Auparavant, les caractéristiques interpersonnelles des secrets ont été discutées à partir de données empiriques et théoriques. Ces dernières lignes seront consacrées à avancer, brièvement, les implications intrapersonnelles des informations gardées secrètes. Le maintien des secrets implique l’inhibition active et délibérée d’informations personnelles, et ceci dans le but d’occulter ces informations aux autres (Kelly, 2002). Cette inhibition est très coûteuse en énergie pour la personne qui s’engage dans ce choix. D’une part, l’individu est constamment confronté à la décision de révéler ou ne pas révéler le secret. D’autre part l’individu doit contrôler que l’information secrète n’émerge pas de sa pensée (Wegner et al., 1994).
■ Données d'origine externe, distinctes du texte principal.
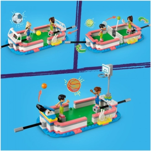 LEGO Friends športové centrum prináša deťom nekonečné možnosti hier. Modulárne ihrisko ľahko premeníte z futbalu na tenis či basketbal, nechýba tabuľa skóre, bezpečné úložisko lôpt ani detailne vybavené zázemie – posilňovňa, lezecká stena a šatňa. S aplikáciou LEGO Builder je stavanie intuitívne vďaka približovaniu, otáčaniu modelu a sledovaniu postupu.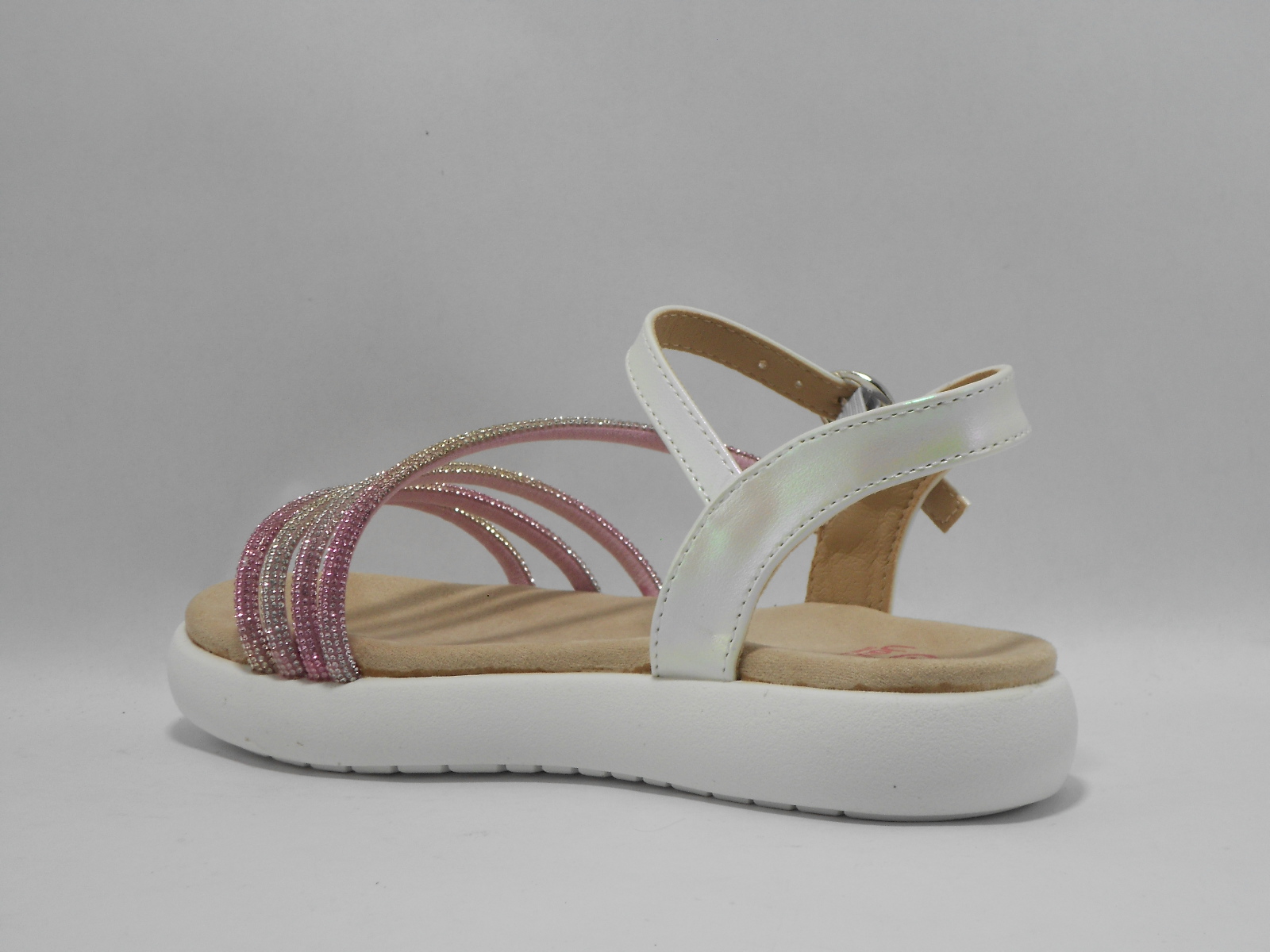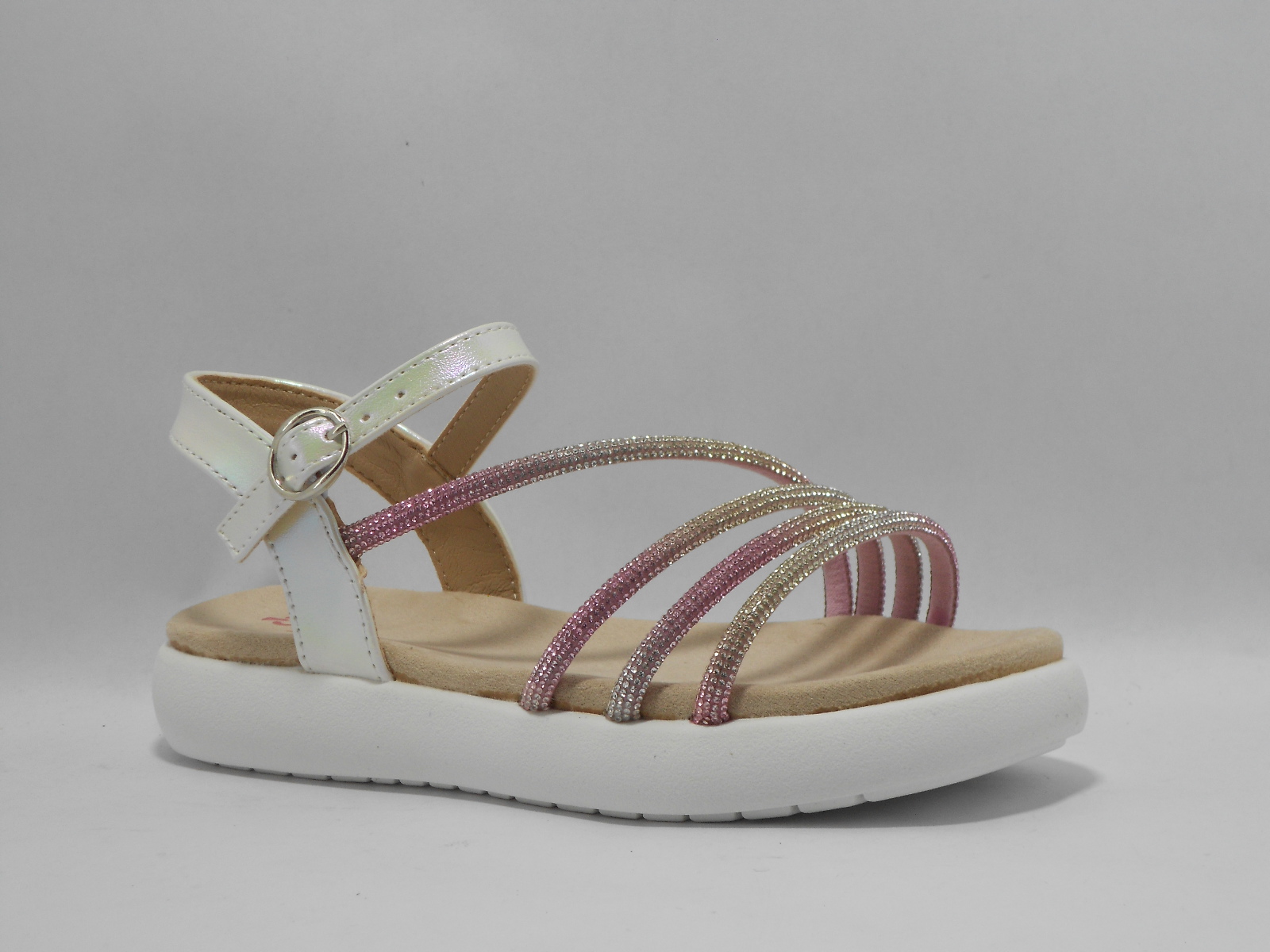 Delicada e cheia de brilho, esta sandália Prata infantil destaca-se pelas tiras finas com acabamento cintilante em tons de rosa, dourado e lilás. O visual encantador torna-a ideal para ocasiões especiais ou passeios cheios de charme.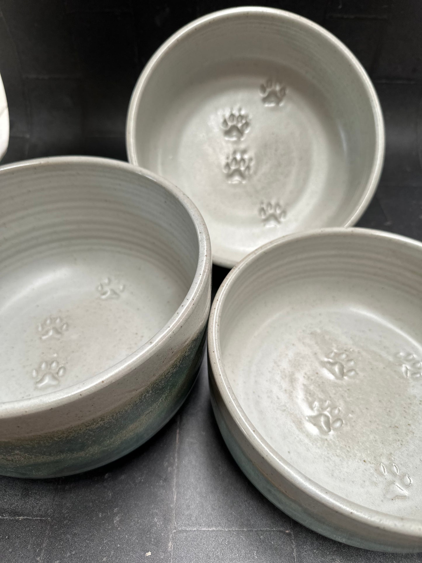The Bowls come in 3 sizes, small medium and large and in Food (shallow) and water (deeper), and currently in 3 glazes...the pics look very similar so please check sizes below..
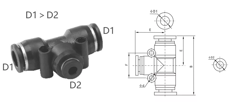 La serie PEG è un raccordo a tee sindacale, con D1 più grande di D2, progettato per collegare tubi principali e di ramo di diversi diametri. Il raccordo sindacale per il riduttore del riduttore viene fornito con un piccolo foro di montaggio per l'installazione facile e sicura su apparecchiature o pannelli, risparmiando spazio di installazione.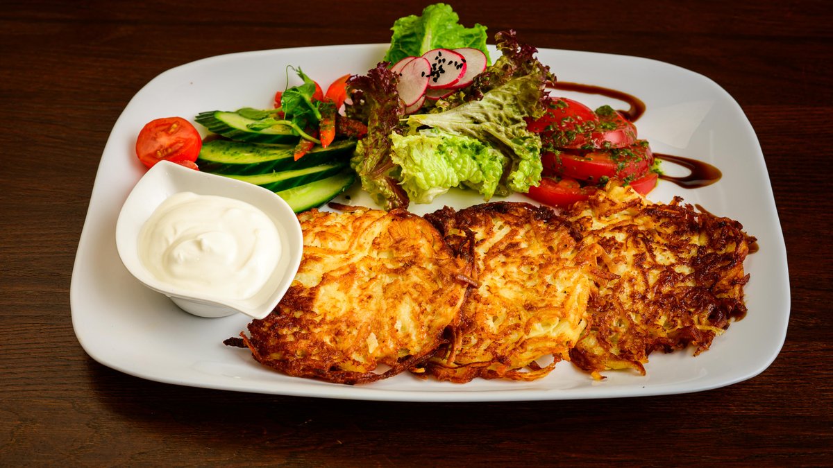 Sāļas kartupeļu pankūkas, pasniegtas ar skābo krējumu un svaigiem dārzeņiem.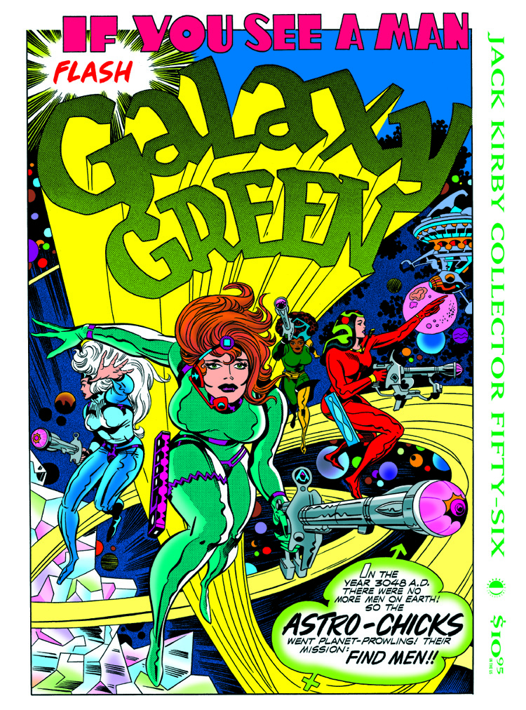Boy Explorers story, "Trip to the Moon", two Kirby Tribute Panels, plus Mark Evanier and our other regular columnists, pencil art galleries, and more! All behind two Kirby covers (the "Galaxy Green" presentation, inked by Mike Royer, and the unseen cover for

Plusieurs recherches précédentes ont prouvé que les informations soumises au secret impliquent l’inhibition active des pensées et des sentiments (e.g., Pennebaker, 1989). Par exemple, Finkenauer et Rimé (1998) ont mis en évidence que les épisodes émotionnels non-partagés ont eu comme conséquence des efforts supérieurs de recherche de sens par comparaison aux épisodes partagés. En outre, Wegner (1994) a montré un effet de rebond concernant la suppression de pensées: quand une pensée fait objet d’efforts délibérés de suppression, celle-ci et d’autres lui étant associées réapparaissent davantage. De ce fait, le maintien des secrets constitue pour l’individu une source de stress importante ainsi qu’un grand coût cognitif. En outre, l’inhibition active de la verbalisation des émotions a des effets néfastes sur la santé (e.g., Temoshok, 1983; Larson & Chastain, 1990 ; Pennebaker, 1997a). Les travaux portant sur les effets de la non-verbalisation des émotions sur la santé physique et psychologique seront présentés ultérieurement.